XBP1 promotes tumor invasion and is associated with poor prognosis in oral squamous cell carcinoma

X-box-binding protein 1 (XBP1) contributes to various types of cancer including breast, bladder cancer and esophageal squamous cell carcinoma. The aim of the study was to examine the metastatic role of XBP1 in oral squamous cell carcinoma (OSCC), and identify possible downstream molecules. Immunohistochemical staining was conducted on tissue microarrays comprising 96 OSCC cases to determine the expression level of XBP1 and analyze its association with metastasis, clinicopathological characteristics and survival prognosis.
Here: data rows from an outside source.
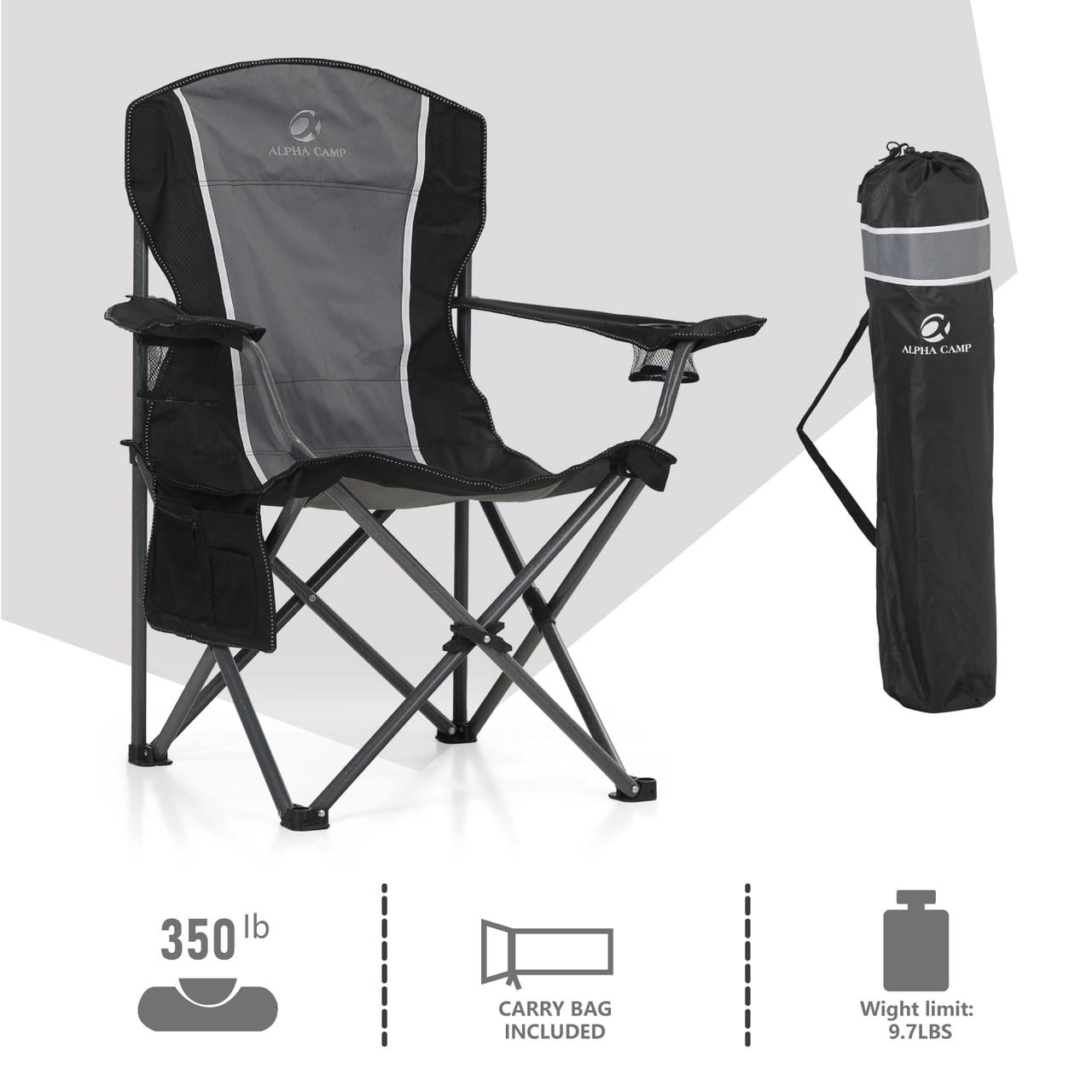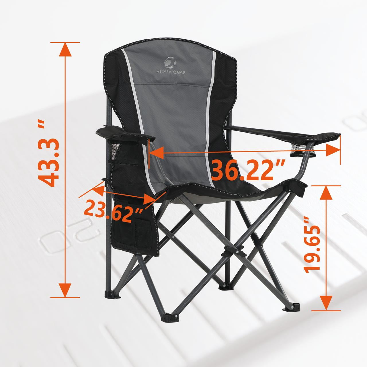 MF Studio Camping Chair, Black: Large Size: 37″ x 22″ x 40.1″, with bigger size feels more comfortable All the materials are treated for weather resistance. Durable oxford fabric with coating assure water and stain resistance Extra-large storage spaces: Large pocket in the back of the chair Non-Slipmat on the foot Two built-in mesh cup-holders to keep all your favorite drinks nearby No assembly required, easy to fold and open up in seconds, portable with a carry bag for easy carriage and storage. Perfect chair for a variety of outdoor activities like camping, tailgating, or watching sporting events Material: Thick oxford cloth Fabric: Oxford Weight: 9.7LBS Package Includes: 1 x Big boy XL chair; 1 x Carry bag
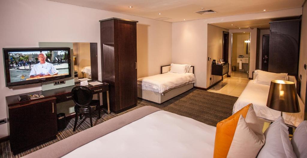 DELUXE ROOM WITH SHOWER Our Deluxe Room with shower is the perfect room for couples, solo travelers and business individuals. These rooms are suitable for your conference delegates or for your guests to stay over in when you plan your next function or wedding with us. DELUXE ROOM WITH BATH AND SHOWER Our Deluxe Room with bath and shower offers you a bath and shower in the bathroom and is the perfect room for couples, solo travelers and business individuals that wish to book a longer stay. These rooms are suitable for your conference delegates or for your guests to stay over in when you plan your next function or wedding with us, and a baby cot can be provided upon request. FAMILY ROOM WITH BATH AND SHOWER Our Family rooms are very popular and often fully booked. The room can accommodate both mom and dad and two kids. It is equipped with a King sized bed and two single beds (in the same room). This room type is often booked by brides-to-be for her bridesmaids where the bride and bridesmaids can enjoy a pajama party together on the night before her big wedding day. JUNIOR SUITE WITH BATH AND SHOWER Our Junior Suites are popular amongst discerning business travelers which offers a separate lounge, with a working desk and two televisions. A bath and shower completes the bathroom and these room types are closest to our lifts for quick and easy access.
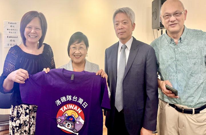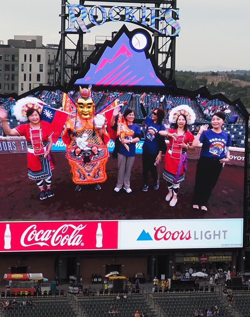 Lee; Colorado Taiwanese Association former President Rachel Chiu; and Colorado Chinese School Principal Mitchell Hong. Representatives of the Taiwanese community walked onto the stadium stage wearing aboriginal costumes, The folk legend Third Prince (Ne Zha) costumes, and Rockies Taiwan Day commemorative shirts to showcase Taiwan’s cultural characteristics to the audience.
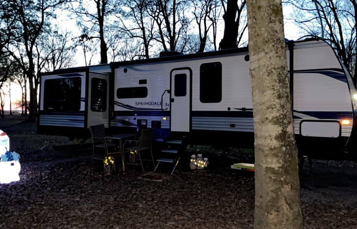 Hello everyone, I bought this 2022 keystone Springdale pull behind brand new I lived in it full time for work traveling and I no longer use it for work so I am here to list it to keep the life going on it . It had one bedroom queen bed storage under bed closet , tv on the wall . One bathroom the booth dining table can lay down and make a bed so can the couch .
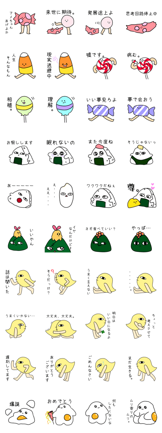 キャンディ、おにぎり、ヒヨコ、タマゴのごちゃまぜスタンプ。思いつくがままに作りました。意外と使えるかもしれません。
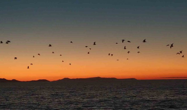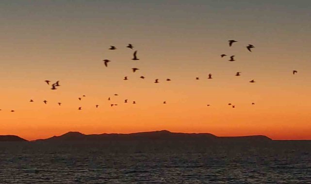 Van Gölü sahillerinde gündüz saatlerinde yiyecek arayarak karınlarını doyuran kuşlar, akşam saatlerinde farklı alanlara göç ederken kartpostallık görüntülerin ortaya çıkmasına neden oluyor.
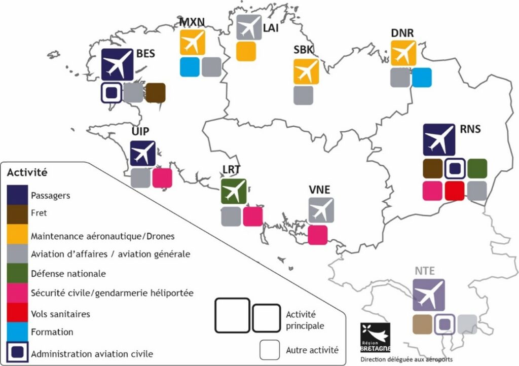 Les aéroports bretons combinent de nombreuses activités au service de leur territoire. C’est le cas des activités de sécurité civile et ses moyens héliportés sur les plateformes de Quimper et Lorient, de la sécurité incendie et le pélicandrome sur Vannes, le fret express aérien sur Rennes, l’industrie de maintenance aéronautique sur Dinard, Morlaix et Saint-Brieuc, la formation aux métiers de l’aéronautique à Morlaix, Dinard et Brest, sans oublier les activités de défense nationale sur Lorient, Rennes, et Vannes.

Compared with the adjacent normal tissues of OSCC, the expression of XBP1 was significantly increased in the tumor center and front area, and lymph nodes metastases (P<0.05). A relatively high XBP1 expression was associated with histological grades (P<0.05), advanced clinical stages (P<0.05), unfavorable 5-year survival (P=0.027). Suppressed XBP1 expression caused a significant reduction of cell invasion capability (P<0.05). AXL and the downstream molecules, such as PI3K, MMP1, MMP3, and uPA were significantly suppressed when XBP1 expression was inhibited in OSCC cells. Once XBP1 was activated by Thapsigargin, AXL expression was restored. Moreover, aberrant AXL expression was associated with XBP1 overexpression in OSCC tissues (P<0.05). In conclusion, XBP1 is a potential target that is relevant to suppressing cell invasion and is associated with patient prognosis in OSCC.